Those who went to Rome with us last March might remember the day everyone’s favorite Joe Long had to take a step back from our group and attend to an under-the-weather child. You might remember the sound of shuffling in your Whisper set earpieces as he quickly removed his tour-guide microphone and handed it to me saying, “here give the tour of this church,” and the soft muttering of me saying something back to him I shouldn’t repeat in the context of Holy Mass.

The church in question, you might remember, was the Santuario Madonna del Perpetuo Soccorso, the Church of St. Alphonso’s Ligouri and the home of the original icon of Our Lady of Perpetual Help. This is a church that – until that moment – I had entered exactly one time and knew less than nothing about.

So we hurried out of there and began what seemed to many of you to be a Green Mile of the brightly colored Roman buildings of the Via Merulana. “How nice this is!” I told you. “Look, we’re in a regular everyday neighborhood! How fun!” Shortly before we reemerged in the Piazza San Giovanni and turned toward the Colosseum, I pointed out to you a Metro Stop about which I was more than a little excited.

It was the stop at the Viale Manzoni, and you might remember why I was so excited.

Alessandro Manzoni, who lived from 1785 to 1873, is one of Italy’s most famous writers. His book, I Promessi Sposi – The Betrothed is credited with doing for the Italian language what only one other work of literature ever did: Dante’s Divine Comedy, written some 500 years before. Manzoni is known as the Father of the Modern Italian language, and The Betrothed is the most hated book by Italian high school students who must study it over and over in a way similar to our own obsession with Mark Twain’s Huckleberry Finn, J.D. Salinger’s Catcher in the Rye, or F. Scott Fitzgerald’s The Great Gatsby.

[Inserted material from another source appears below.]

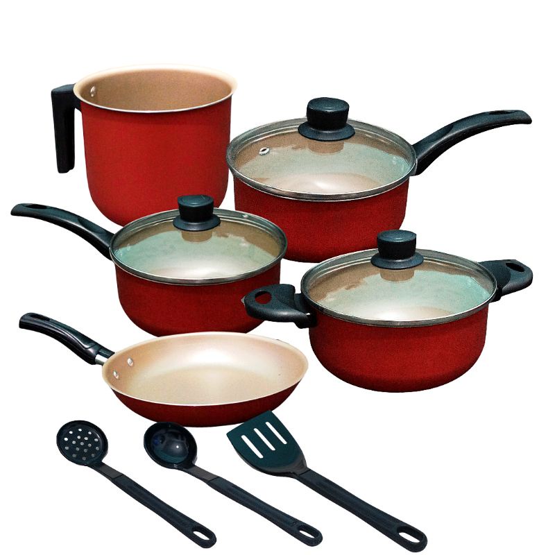 Jogo Panela Caçarola Conjunto Kit 9 Pçs Antiaderente Tampa Vidro Teflon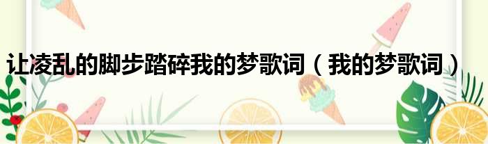 大家好,今天小六子来为大家解答以下的问题,关于让凌乱的脚步踏碎我的梦歌词,我的梦歌词这个很多人还不知道,现在让我们一起来看看吧!

The Betrothed belongs to a category of 19th century novel which Henry James described as a “loose baggy monster.” The English translation is a whopping 720 pages that comprise (in my opinion) a novel that is at once thrilling and life-changing, painfully boring and really too wordy, and is, at the end of the day, in the top 3 books I have ever read.

It is a truly Catholic story: a young priest who has no time for mercy or the details of his peoples’ lives causes great harm to young Renzo and Lucia, and one small decision of Don Abbondio unleashes a storyline that leads the young couple to depth of hell, to the height of glory, and to the fulness of the human experience.

It’s a book whose details remind us of the timelessness of human folly, and the eternal ramifications of both generosity and selfishness, and gives credence to what we learn from Quoheleth in the Book of Ecclesiastes: there is truly nothing new under the sun.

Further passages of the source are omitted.